• Work instruction:
Write out the listing below without alteration, omitting its pictures.

• Exercise data:
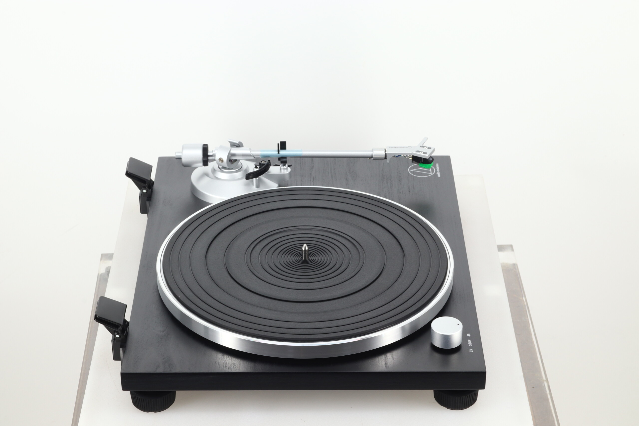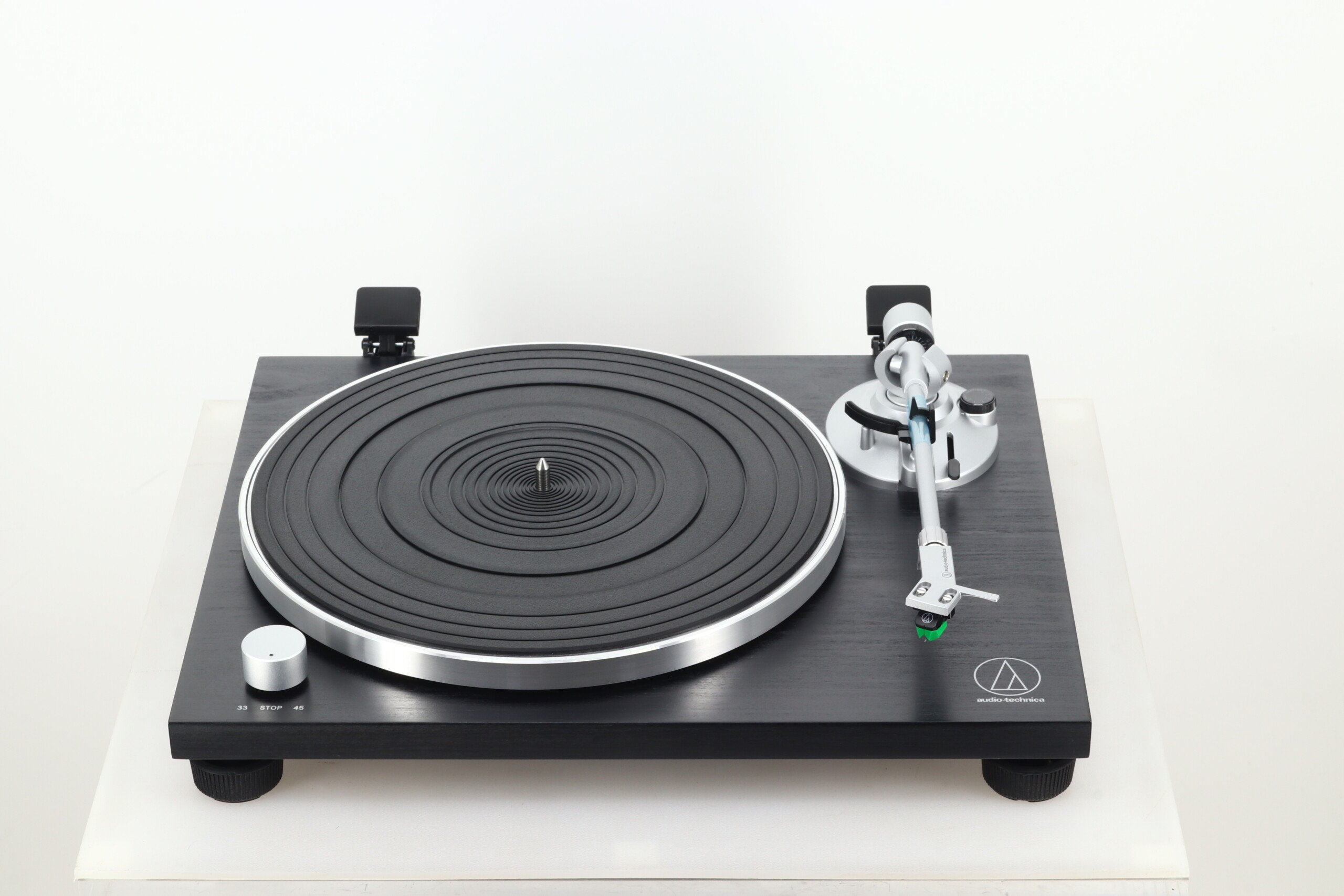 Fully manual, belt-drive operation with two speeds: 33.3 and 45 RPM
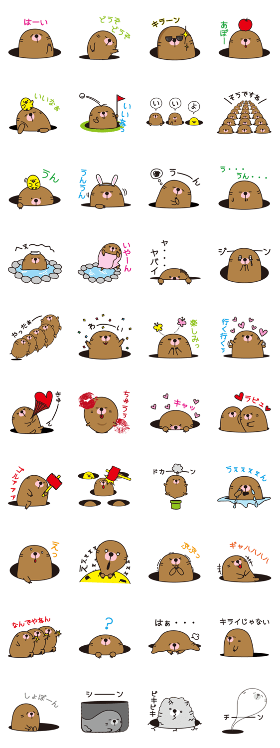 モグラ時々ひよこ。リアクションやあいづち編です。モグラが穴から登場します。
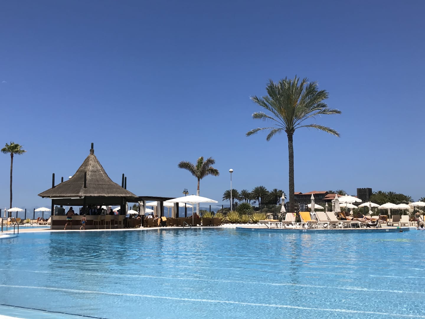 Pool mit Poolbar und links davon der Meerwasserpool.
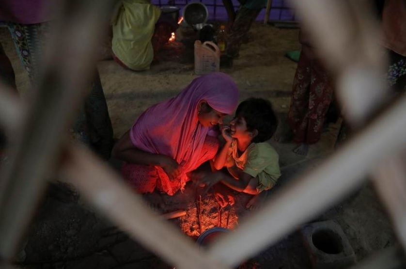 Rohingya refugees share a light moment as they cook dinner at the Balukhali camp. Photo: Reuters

• Exercise answer:
 Fully manual, belt-drive operation with two speeds: 33.3 and 45 RPM
 モグラ時々ひよこ。リアクションやあいづち編です。モグラが穴から登場します。
 Pool mit Poolbar und links davon der Meerwasserpool.
 Rohingya refugees share a light moment as they cook dinner at the Balukhali camp. Photo: Reuters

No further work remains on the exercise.